From the first line to the last, restate the material word for word, omitting pictures.

**Data shown:**
===============

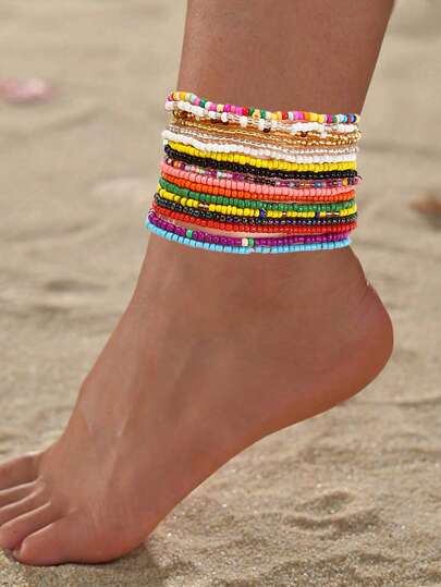 10/20/30/50 件/套随机颜色和款式波西米亚风弹性脚链,百搭时尚珠宝礼物,适合男士和女士,日常穿着和海滩 - 彩色 - 查看 1
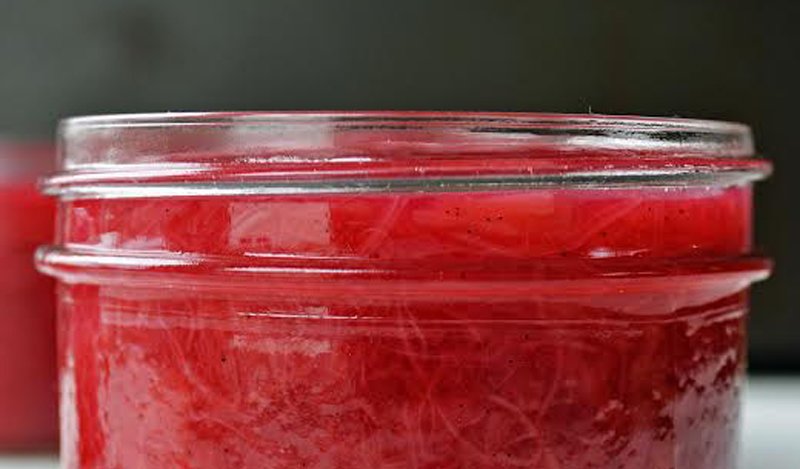 "Old-fashioned stewed rhubarb goes from casual comfort to dazzling dessert with the addition of tiny black vanilla seeds. There’s not much you can put in a jar that’s tastier or more beautiful than simple stewed rhubarb." -- Amy Bronee.
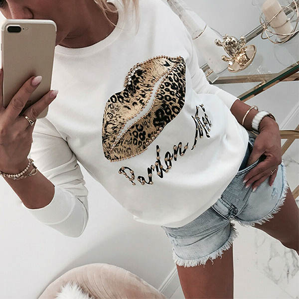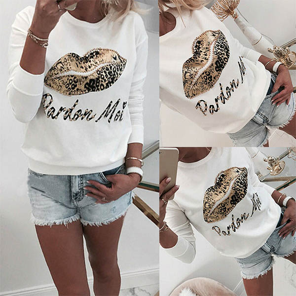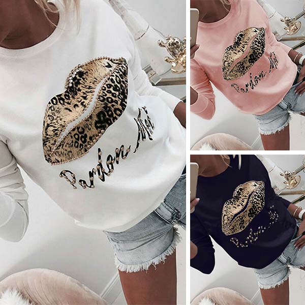 As for a simple,casual and relaxed style,you can simply count on this long sleeves shirt. The leopard lip printed pattern design makes this piece look so chic and eye-catching,while its soft and breathable fabric can offer you a comfortable day. No matter matching with a shorts,skirts or jeans,you can look fashionable enough!

===============

**Response to the task:**
 10/20/30/50 件/套随机颜色和款式波西米亚风弹性脚链,百搭时尚珠宝礼物,适合男士和女士,日常穿着和海滩 - 彩色 - 查看 1
 "Old-fashioned stewed rhubarb goes from casual comfort to dazzling dessert with the addition of tiny black vanilla seeds. There’s not much you can put in a jar that’s tastier or more beautiful than simple stewed rhubarb." -- Amy Bronee.
 As for a simple,casual and relaxed style,you can simply count on this long sleeves shirt. The leopard lip printed pattern design makes this piece look so chic and eye-catching,while its soft and breathable fabric can offer you a comfortable day. No matter matching with a shorts,skirts or jeans,you can look fashionable enough!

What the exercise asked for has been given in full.